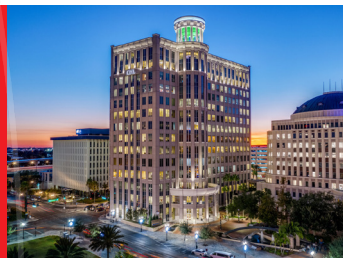
CNL Center I 450 South Orange Ave. Orlando, FL
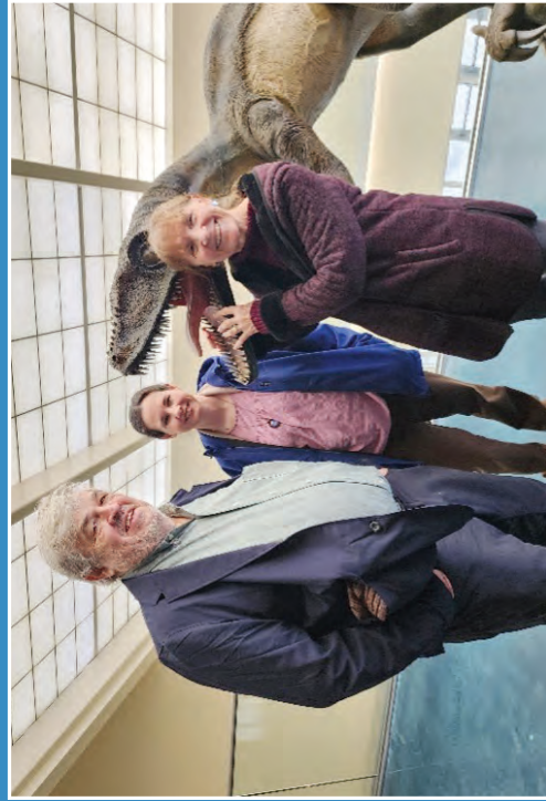
Venus the Velociraptor greets Space Grant visitors.

DASEF strives to improve the quality of life through its advocacy of education, the environment, and strengthening the workforce.
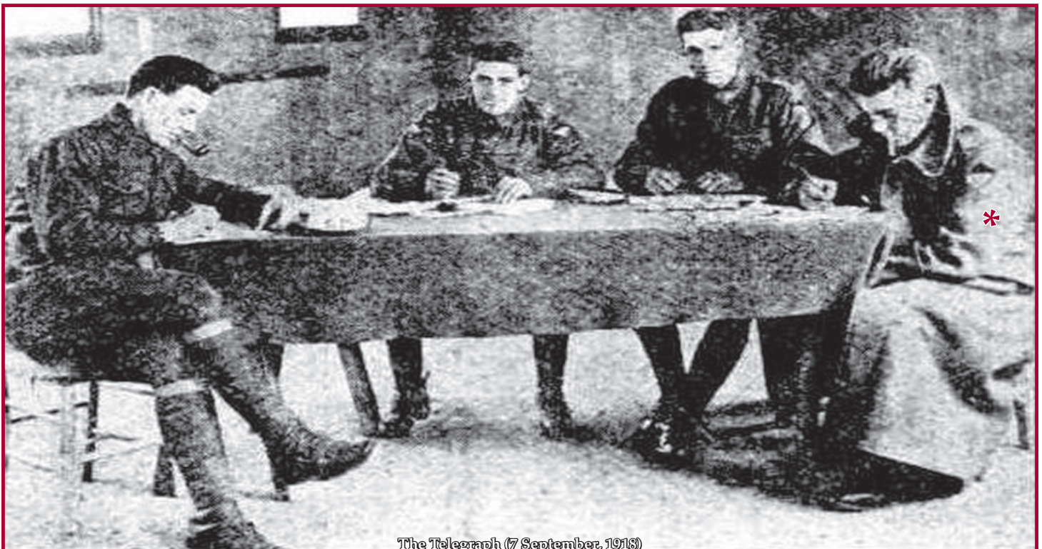
The Telegraph (7 September, 1918)

————————

Restate the listing word for word. Pictures do not belong in the copy.

*RESPONSE*.
CNL Center I 450 South Orange Ave. Orlando, FL
Venus the Velociraptor greets Space Grant visitors.

DASEF strives to improve the quality of life through its advocacy of education, the environment, and strengthening the workforce.
The Telegraph (7 September, 1918)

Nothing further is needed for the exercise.